|DE OLIVEIRA, MATHEUS - Pio Decimo College|
|MOLINA, JULIO - Universidade Federal De Sergipe|
|SANTOS DA SILVA, REBECA - Universidade Federal De Sergipe|
|RAMOS, ALEXANDRE - Brazilian Agricultural Research Corporation (EMBRAPA)|
|AZEVEDO, HYMERSON - Brazilian Agricultural Research Corporation (EMBRAPA)|
Submitted to: CryoLetters
Publication Type: Peer Reviewed Journal
Publication Acceptance Date: 9/23/2022
Publication Date: 11/1/2022
Citation: De Oliveira, M.B., Molina, J.C., Santos Da Silva, R., Ramos, A.F., Purdy, P.H., Azevedo, H.C. 2022. Effects of cell concentration during cryopreservation on the post-thaw quality of Santa Inês ram sperm. CryoLetters. 43(6):357-367. https://doi.org/10.54680/fr22610110812.
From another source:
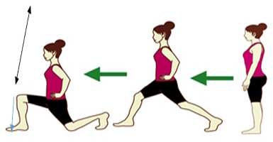 フロントランジ(おしりや太腿を鍛える) 目安として左右交互に10回
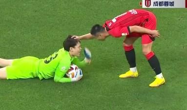场面着实有趣!武磊摸头成都蓉城门将,后者一番戏剧性表演

Interpretive Summary: Non-surgical artificial insemination techniques for sheep may benefit from larger numbers of sperm in the insemination dose due to the challenges of traversing the ewe’s reproductive anatomy and because greater numbers of sperm in a single insemination dose may preclude the need for a second insemination per estrus while still resulting in acceptable fertility rates. Therefore, the aim of this work was to compare a range of sperm concentrations when freezing semen and determine the effects of this on post-thaw quality. Overall, samples with lower sperm concentrations resulted in higher proportions of high quality, motile sperm following freezing, but will require use of two semen straws for artificial insemination to ensure sufficient numbers of sperm are inseminated. However, freezing at some higher sperm concentrations produces samples with a greater total number of motile sperm with acceptable quality and a simultaneous loss of a large number of sperm due to damage during freezing compared to samples with lower sperm concentrations. Although freezing sperm samples at higher concentrations results in the loss of a large number of sperm compared to lower sperm concentrations, this method may be advantageous because it enables use of a single artificial insemination per ewe which decreases labor and supply costs.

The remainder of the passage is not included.